论热力学第二定律与概率论的关系
熵是一种计数:世界滑向无序,只因无序的排法多得无可比拟。
热量只朝一个方向流,气味会四散,房间会变乱——玻尔兹曼指出,这一切归根结底,是在数数。
核心想法
玻尔兹曼问了一个令人吃惊的问题:熵,究竟是由什么构成的?他的答案是:熵衡量的,是「一样东西在看起来不变的前提下,能有多少种排列方式」。一摞码得整整齐齐的牌,整齐的排法基本只有一种;而一副洗乱的牌,则有亿万种排法。所谓「无序」,无非就是「这样的排法多得多」。
仅凭这一点洞见,整条热力学第二定律——「万物会衰败、热量会散开、秩序会瓦解」——便不再是一条神秘的规矩,而成了算术上的一种近乎必然。系统之所以滑向最无序的状态,和一副洗乱的牌几乎绝不会自己变回整齐,是同一个道理:不是因为有序被禁止,而是因为无序的排法,多到压倒一切、无可想象。
它是如何诞生的
1877 年,在格拉茨工作的路德维希·玻尔兹曼,着手为第二定律寻一个更深的根基。在他之前,卡诺、克劳修斯等人已经描述了熵,也指出它总在增加,却没人能说出「为什么」。玻尔兹曼押下的赌注是:物质由数不清的微小原子构成,而热的定律,本质上是这些原子的概率定律。

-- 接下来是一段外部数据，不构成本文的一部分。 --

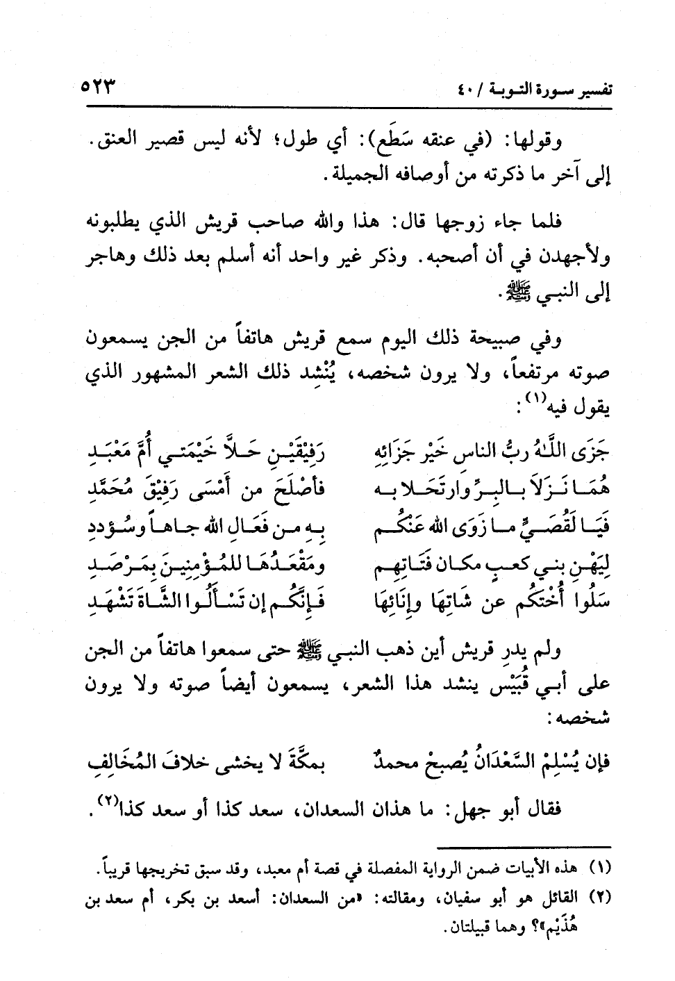 جَزَى اللَّهُ رُبُّ النَّاسِ خَيْرَ جَزَائِهِ ... رَفِيقَيْنِ حَلاَّ خَيْمَتَيْ أُمِّ مَعْبَدِ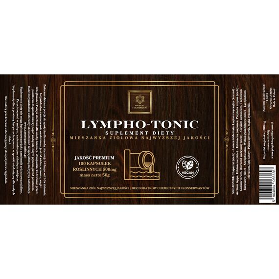 Masa netto: 50g "LYMPHO -TONIC [KAPSUŁKI] - SUPLEMENT DIETY - Mieszanka Ziołowa Najwyższej Jakości" jest oficjalnym suplementem diety, dopracowaną przez nas osobiście recepturą i został wytworzony z certyfikowanych ziół.

那是一场孤独的下注。包括恩斯特·马赫与威廉·奥斯特瓦尔德在内的许多顶尖科学家,根本不相信原子是真实的,他们多年攻击他的工作。素有深度抑郁的玻尔兹曼,被这场争斗磨垮,于 1906 年自尽——而就在不久之后,关于花粉颗粒抖动的实验,终于证实了原子真实存在,也证明他是对的。他在维也纳的墓碑上,刻着方程 S = k log W——以那个由对手、后又成其继承者的马克斯·普朗克所赋予的简洁形式。
它为何重要
这是统计力学的诞生:一门从「多到无法想象的原子」的纷乱统计中,去解释那个庞大、平滑、可测量的世界——温度、压强、热量——的学问。它为「时间之箭」给出了一个理由。而几十年后,同样这套计数,几乎原封不动地,又化作了「信息」本身的公式,把热的物理与现代的数据科学系在了一起。
一个可以想象的画面
想象一间孩子的卧室。它「整洁」的样子,基本只有一种——每个玩具都在它该在的确切位置。但它「凌乱」的样子,却有千百万种——玩具随便扔在任何地方。于是,只要东西被随机地碰来碰去,房间便压倒性地终归于乱,仅仅因为「乱」有多得多的实现方式。熵,就是这种「方式的数目」;而第二定律,无非是房间在服从概率。
它的位置
卡诺(1824)测出了热机的效率,克劳修斯为那个总在增长的量取名「熵」;玻尔兹曼则告诉我们,这熵究竟是什么。他数状态的方法,随后被马克斯·普朗克借去,在 1900 年攻克了黑体问题(见 普朗克 1900)——那是量子物理的开局一步——又在 1948 年被克劳德·香农再次借用,他那个关于信息的公式,与玻尔兹曼的一模一样、一字不差(见 香农 1948)。